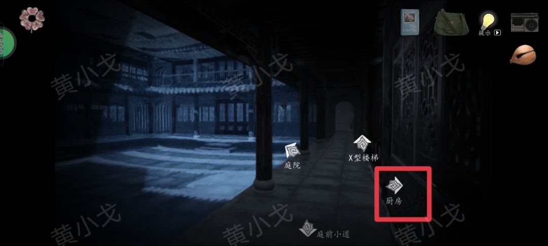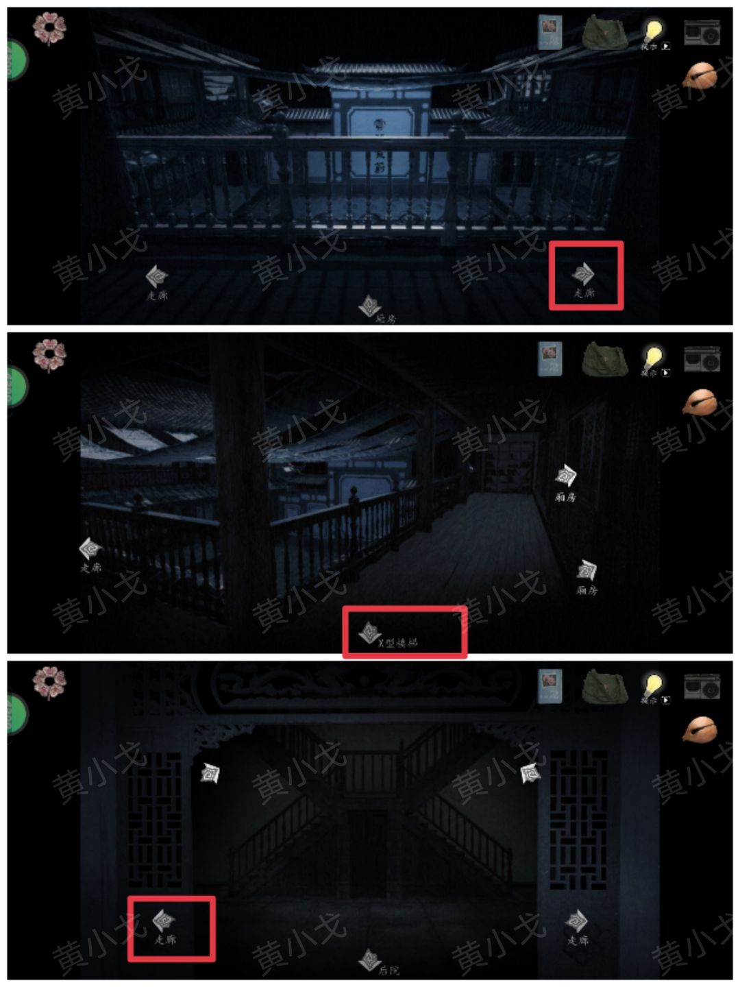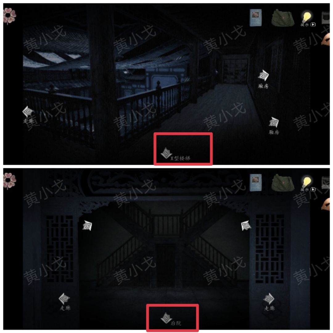 6.(厨房)前往厨房:右侧走廊→X型楼梯→左侧走廊
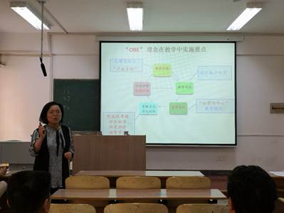 黄林军副院长针对工程教育认证的核心理念、认证标准要求、自评报告涉及的学生、培养目标、毕业要求、持续改进、课程体系、师资队伍和支持条件七部分内容及专业标准补充情况,进行了详细的讲解。学院特别邀请了材料物理与化学教研室主任马艳玲副教授做《基于“OBE”理念的课堂教学》专题报告。马老师结合所授课程详细讲解了如何将“OBE”理念落实到课堂教学中,以及“OBE”理念在教学中的具体实施要点。
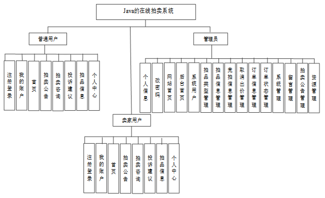 Java的在线拍卖系统包含游客(非注册用户)、 普通用户(注册用户)、卖家用户(注册用户)、管理员(注册用户)四个角色划分,每个角色对应的主要功能如下:
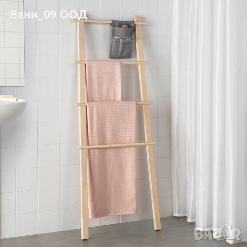 Красив и ефектен модел стойка за кърпи във формата на стълба, плюс малък сив органайзер
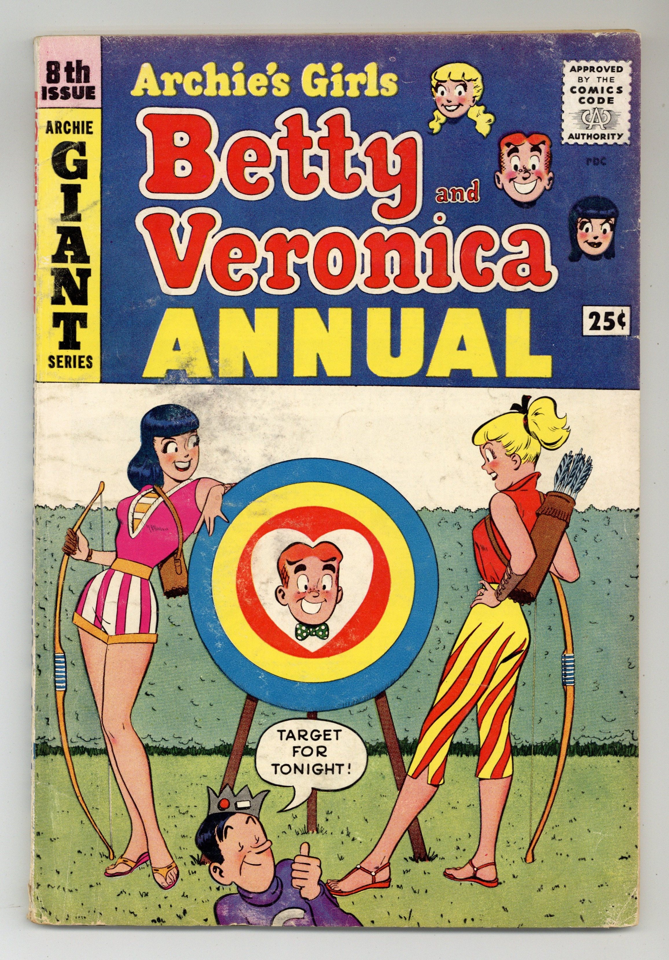 Cover pencils by Harry Lucey, inks by Terry Szenics. "Sweet Sorrow," script by Frank Doyle, pencils by Dan DeCarlo, inks by Rudy Lapick; When Veronica shows Betty a new dress she bought, Betty becomes despondent because Veronica has so much more than she does. "The Kiss-Off," script by Frank Doyle, pencils by Dan DeCarlo, inks by Rudy Lapick; Betty has won a prize of ten kisses from Archie, which she can collect one at a time at any time she wants. "Cleaned Up!" one-page Li'l Jinx story by Joe Edwards. "Cooking Caper," pencils by Dan DeCarlo, inks by Rudy Lapick; Betty and Veronica overhear Archie and Jughead making nasty remarks about their cooking, and are determined to prove them wrong. "Puttin' On the Dog!", script by Frank Doyle, pencils by Dan DeCarlo, inks by Rudy Lapick; Archie and Veronica try to get an invitation to the home of Calvin Colcash, a man even richer than Mr. Lodge. "Show Biz," script by Frank Doyle, pencils by Dan DeCarlo, inks by Rudy Lapick; Archie has promised to take Betty anywhere she wants for her birthday, but when she wants to go to the carnival, he says no, driving her into despair over his broken promise. Article on James Garner. "The Conquest," script by Frank Doyle, pencils by Dan DeCarlo, inks by Rudy Lapick; Betty and Veronica both go to extremes trying to chase after a handsome new boy. "A Choice Choice," script by Frank Doyle, pencils by Dan DeCarlo, inks by Rudy Lapick; To take his mother out on her birthday, Archie has to break a date with Veronica; Afraid to break the date, Archie tells Ronnie he's sick. 84 pgs., full color. Cover price $0.25.
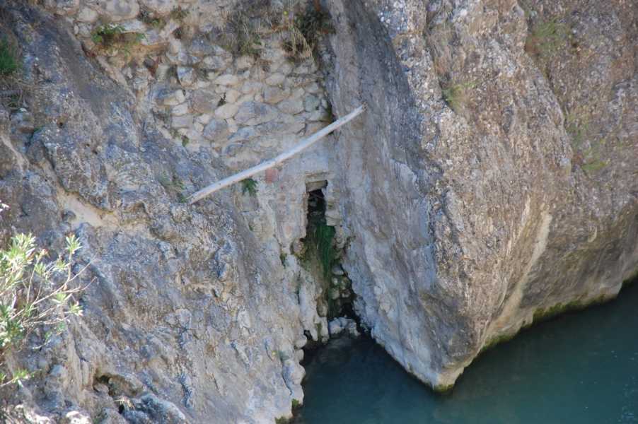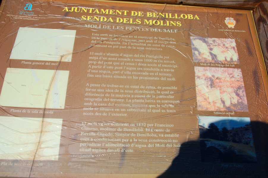 Leider hat die Sonne schon einen Teil der Hinweisschilder unlesbar gemacht. Wir blicken hinab in eine enge Schlucht, durch die sich der Wildbach Penáguila durch die Felsen presst. Die historische Molí de Les Penyes del Salt, von der nur noch ein paar Grundmauern übriggeblieben sind, wurde im Jahr 1852 erbaut. In ihr wurde Getreide gemahlen.
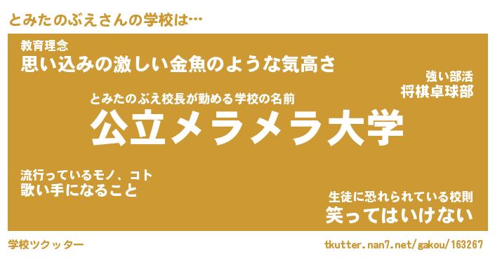| 肩書あだ名 | 『とみたのぶえ社長』『とみたのぶえ教頭』 |
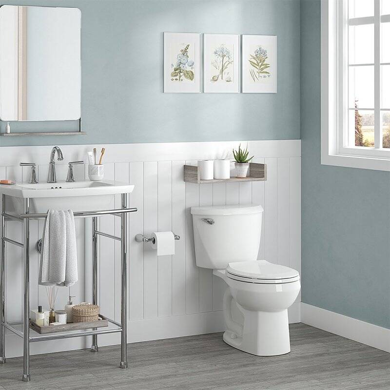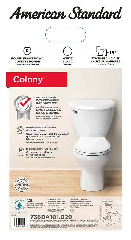 The Colony Round Front toilet is a space saver and offers great performance using 20 percent less water compared to a standard ultra low flush toilet, using only 1.28 gallons per flush.
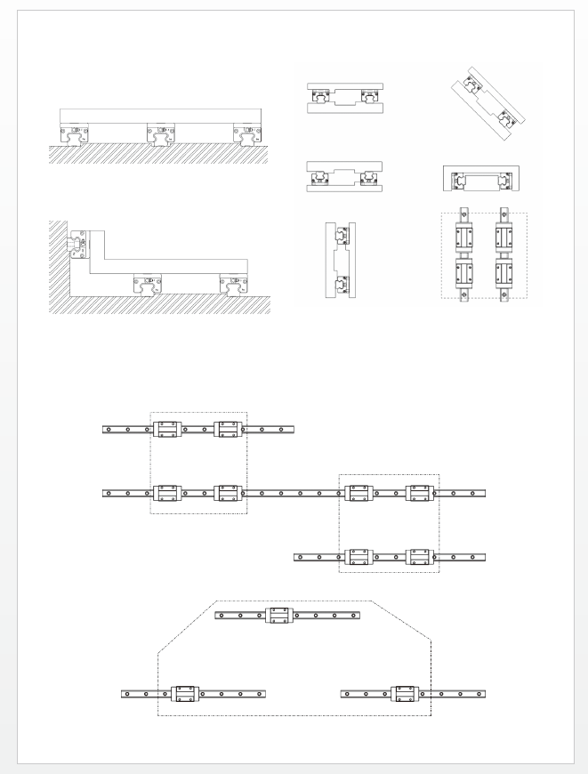 必要な長さが標準的な1本のリニアガイドの長さ以上である場合、2本または2本以上の
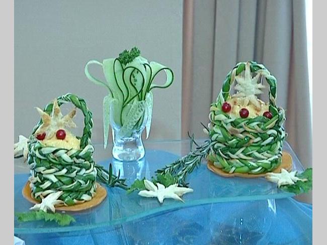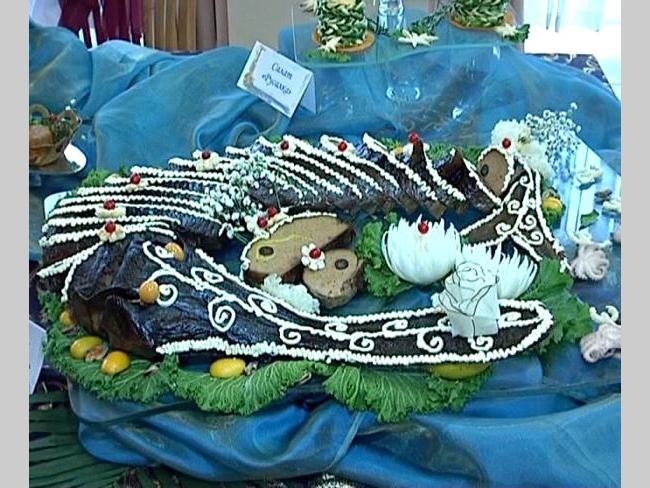 Очі розбігалися від різноманіття страв, і кожна з них мала неперевершенний вигляд: «Качка святкова», свиняча нога «Чоловіча втіха», галушки полтавські, рулетики «Захват», осетр фарширований «Символ надії», «Форель на снігу», ребро по-королівськи. Всю продукцію було оформлено майстерно та представлено у виді тематичних столів із відповідною сервіровкою. Виділявся серед демонстраційних столів полтавський, його тематика – «Підготовка до Євро-2012». Кухарі з Чернівців привезли з собою та виставили на дегустацію справжній буковинський самогон, а конкурсантка з Черкащини привезла свою рибу (вислонісом називається). Каже, що вона у них особлива, адже такої риби в жодній області немає, вирощується вона в Жашківському районі і має особливий смак. А учасниця конкурсу з Чернігова Наталія Сімак поділилася з нами деякими секретами. Вона каже, що треба готувати з любов’ю і усмішкою та вкладати в страву всю душу – тоді вона буде дуже смачною.

__________

Prompt:
Write out exactly and only the lines that run from the start of the data above through the line containing "Красив и ефектен", leaving the pictures out.

Answer to this problem:
 6.(厨房)前往厨房:右侧走廊→X型楼梯→左侧走廊
 黄林军副院长针对工程教育认证的核心理念、认证标准要求、自评报告涉及的学生、培养目标、毕业要求、持续改进、课程体系、师资队伍和支持条件七部分内容及专业标准补充情况,进行了详细的讲解。学院特别邀请了材料物理与化学教研室主任马艳玲副教授做《基于“OBE”理念的课堂教学》专题报告。马老师结合所授课程详细讲解了如何将“OBE”理念落实到课堂教学中,以及“OBE”理念在教学中的具体实施要点。
 Java的在线拍卖系统包含游客(非注册用户)、 普通用户(注册用户)、卖家用户(注册用户)、管理员(注册用户)四个角色划分,每个角色对应的主要功能如下:
 Красив и ефектен модел стойка за кърпи във формата на стълба, плюс малък сив органайзер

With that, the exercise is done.